## [WHAT THE EXERCISE ASKS]
The reply must repeat the listing below exactly and carry none of its pictures.

## [PROVIDED DATA]
BEGIN

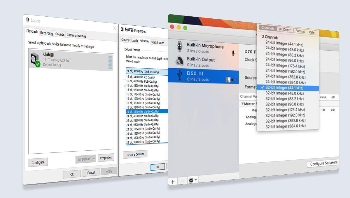 - D50 III has a wide range of compatibility and apply to various OS such as Windows 10, Windows 11, MAC, Linux and iOS/Android. Only for Windows ASIO applications, you need to install the driver and set it up. The USB hardware is based on XMOS XU316 and Thesycon driver (Drivers only for Windows, other OS needn't driver).In addition, the D50 III supports up to PCM768kHz/32bit and DSD512.
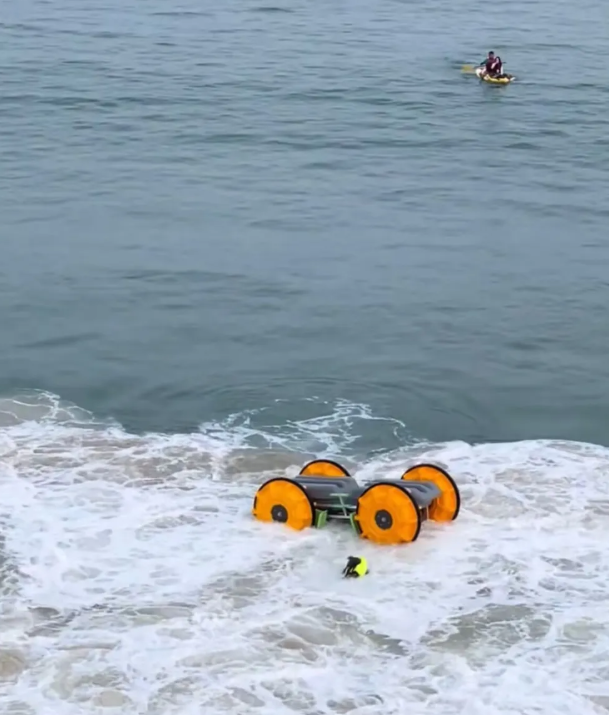 据悉,事件发生于4月18日17时40分许。根据网友发布的现场视频显示,当时有两台水陆两栖沙滩车在近岸海域行驶,其中一台突遭一道巨浪拍击,车身瞬间失控,侧翻入海。一名游客被海浪冲击力甩出车厢,其余三人被困于倒扣的车体内。险情发生后,岸边待命的救生员立即跳入海中施救,多艘摩托艇迅速驰援,现场工作人员不断喊话确认被困人员状态。画面显示,4名游客均按规定穿戴救生衣,最终全部被成功救上岸。
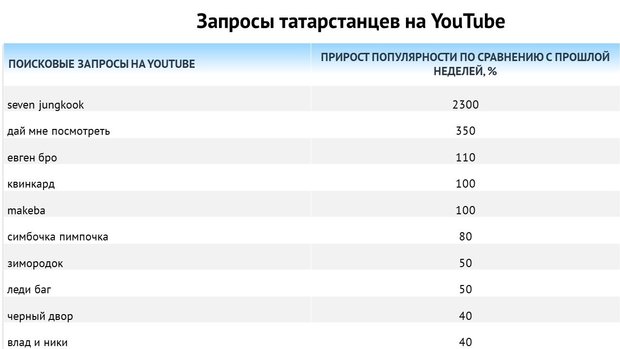 По принципу первой таблицы (ранжированы по приросту популярности или повышению интереса по отношению к прошлому периоду) приводится то, что в тренде у татарстанцев на YouTube:
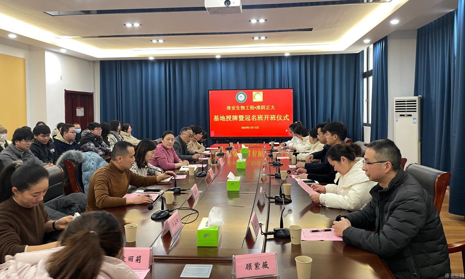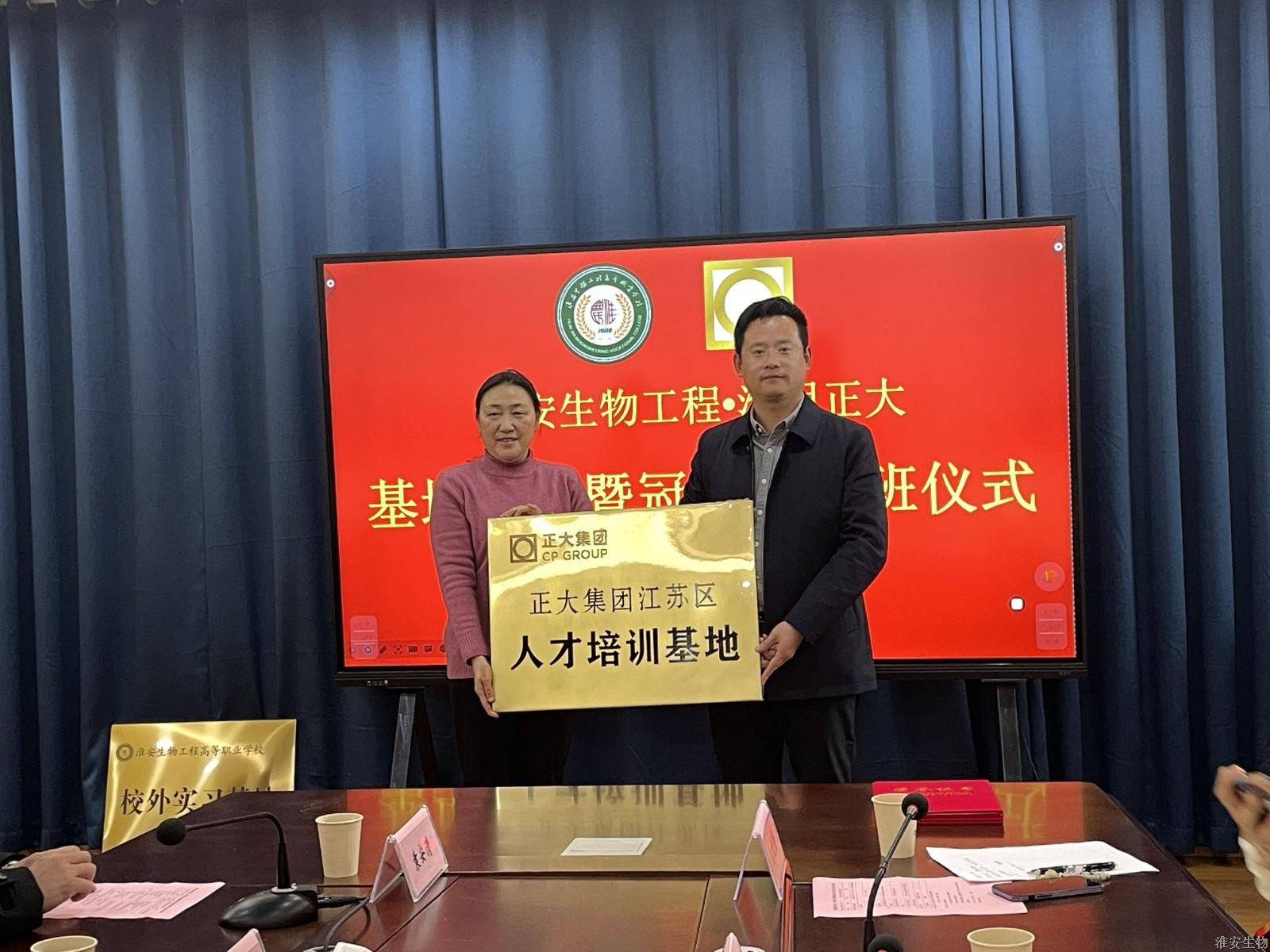 2024年1月11日,淮安生物工程·淮阴正大授牌暨冠名班开班仪式在我校农业实训楼119会议室正式启动,江苏淮阴正大有限公司总经理姜兴海、人力专员吕林、薄涵文、许延文莅临我校参加仪式;淮安生物工程学校副校长禹立馨、招生就业处处长宗小平、合作交流处副处长朱美荣、动物工程系主任陈剑以及相关老师、班主任和27名冠名班同学等参加了本次活动。

END

## [FINAL ANSWER]
 - D50 III has a wide range of compatibility and apply to various OS such as Windows 10, Windows 11, MAC, Linux and iOS/Android. Only for Windows ASIO applications, you need to install the driver and set it up. The USB hardware is based on XMOS XU316 and Thesycon driver (Drivers only for Windows, other OS needn't driver).In addition, the D50 III supports up to PCM768kHz/32bit and DSD512.
 据悉,事件发生于4月18日17时40分许。根据网友发布的现场视频显示,当时有两台水陆两栖沙滩车在近岸海域行驶,其中一台突遭一道巨浪拍击,车身瞬间失控,侧翻入海。一名游客被海浪冲击力甩出车厢,其余三人被困于倒扣的车体内。险情发生后,岸边待命的救生员立即跳入海中施救,多艘摩托艇迅速驰援,现场工作人员不断喊话确认被困人员状态。画面显示,4名游客均按规定穿戴救生衣,最终全部被成功救上岸。
 По принципу первой таблицы (ранжированы по приросту популярности или повышению интереса по отношению к прошлому периоду) приводится то, что в тренде у татарстанцев на YouTube:
 2024年1月11日,淮安生物工程·淮阴正大授牌暨冠名班开班仪式在我校农业实训楼119会议室正式启动,江苏淮阴正大有限公司总经理姜兴海、人力专员吕林、薄涵文、许延文莅临我校参加仪式;淮安生物工程学校副校长禹立馨、招生就业处处长宗小平、合作交流处副处长朱美荣、动物工程系主任陈剑以及相关老师、班主任和27名冠名班同学等参加了本次活动。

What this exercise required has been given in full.